I know what it feels like to when the party doesn't do that...when it gives you the "shut up, know your place and do what you're told" treatment. It sounds like you've experienced that, too. You didn't deserve being treated like that. Neither does anybody else.
And the thing is it, it doesn't help the party to treat anybody like that.
It simply drives people away, sometimes driving them away from political involvement altogether.
Obama won because he sounded like he would challenge that idea of what our party's inner political culture should be-that it would be a party run from below as much from above. While the Obama Administration did some good things, the Obama era never allowed there to be that kind of transformation within the party.

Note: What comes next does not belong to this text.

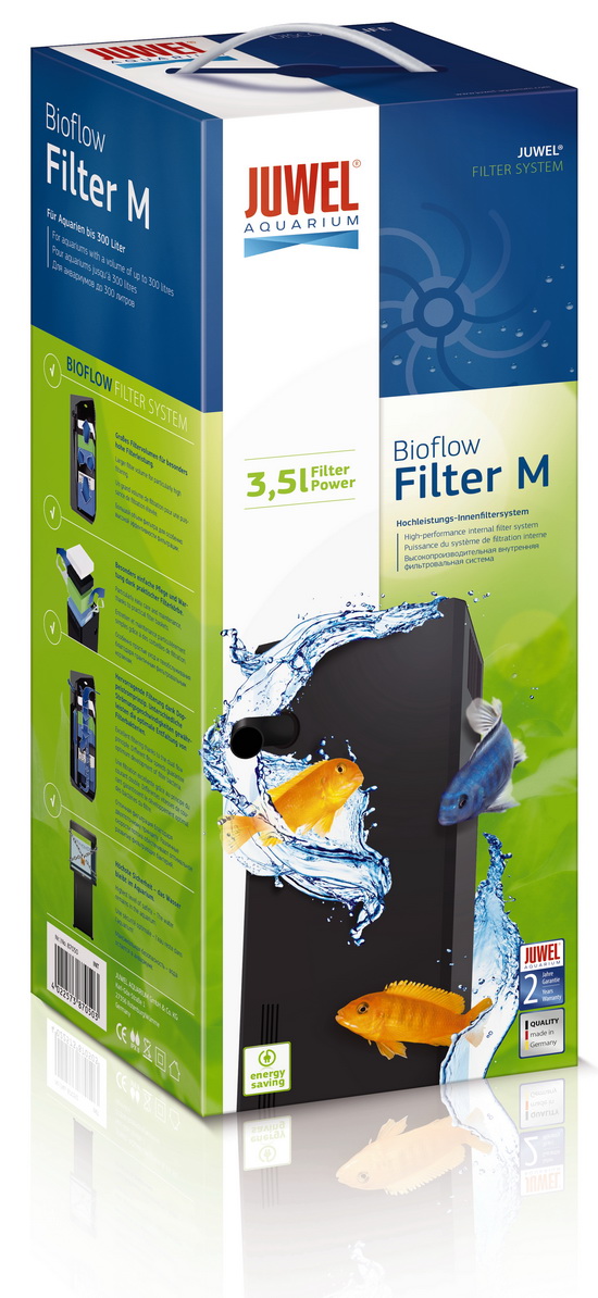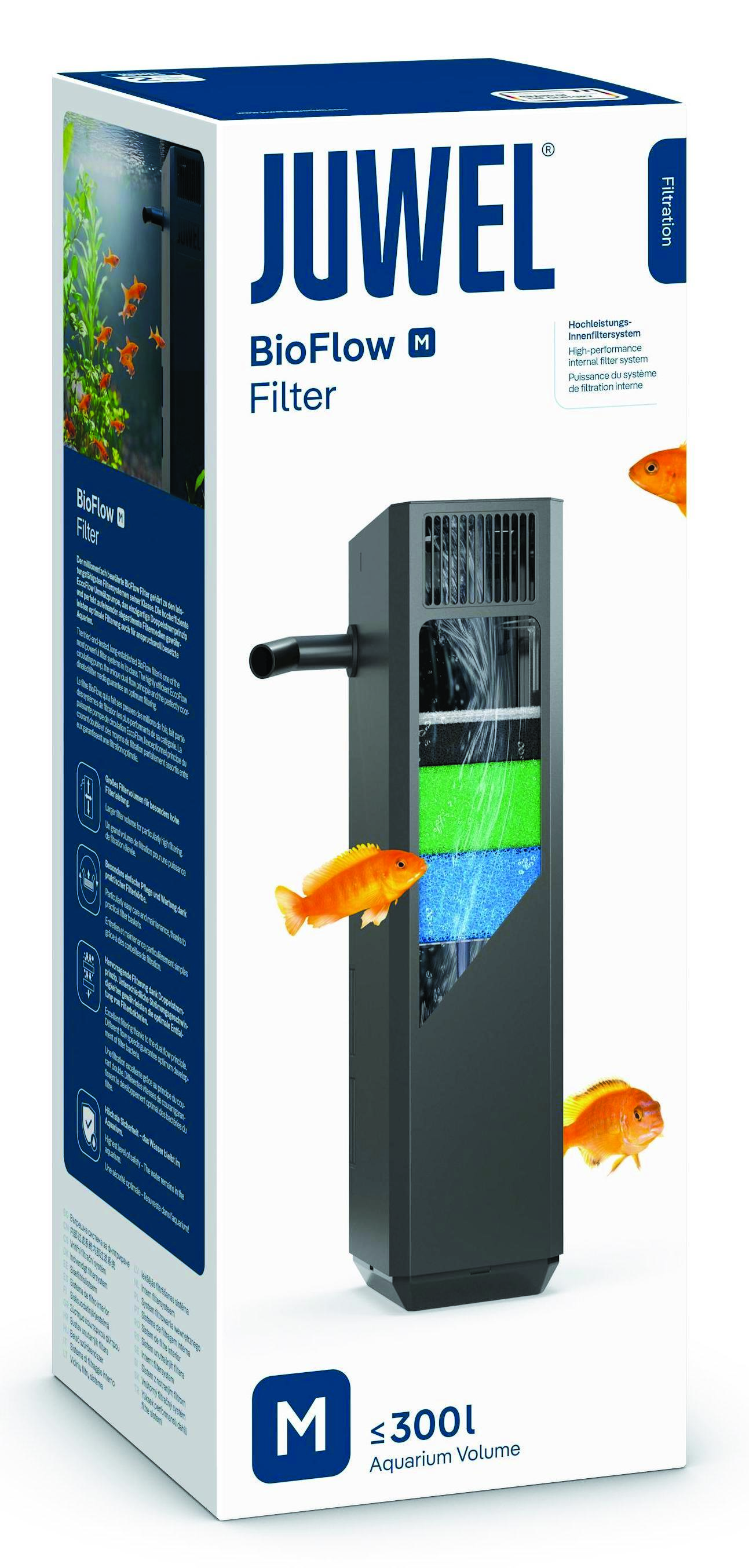 Juwel Bioflow Filter System obsahuje dvoufázový biologický vnitřní filtrační systém, včetně čerpadla a filtračních materiálů. Filtrační systém lze jednoduše instalovat pomocí akvarijního silikonu.

Now, we need to actually become the party we were supposed to become then.
Why not do that? Why not make this a party where all the voices from below...POC, LGBTQ people, women, progressive activists of all sorts, peace activists, rank-and-file labor and those who organize against austerity and neoliberalism are working together to shape what we're about, with candidates emerging from that kind of politics?
Compared to 2016, where we essentially lost everything on every level, what could possibly be worse in trying that?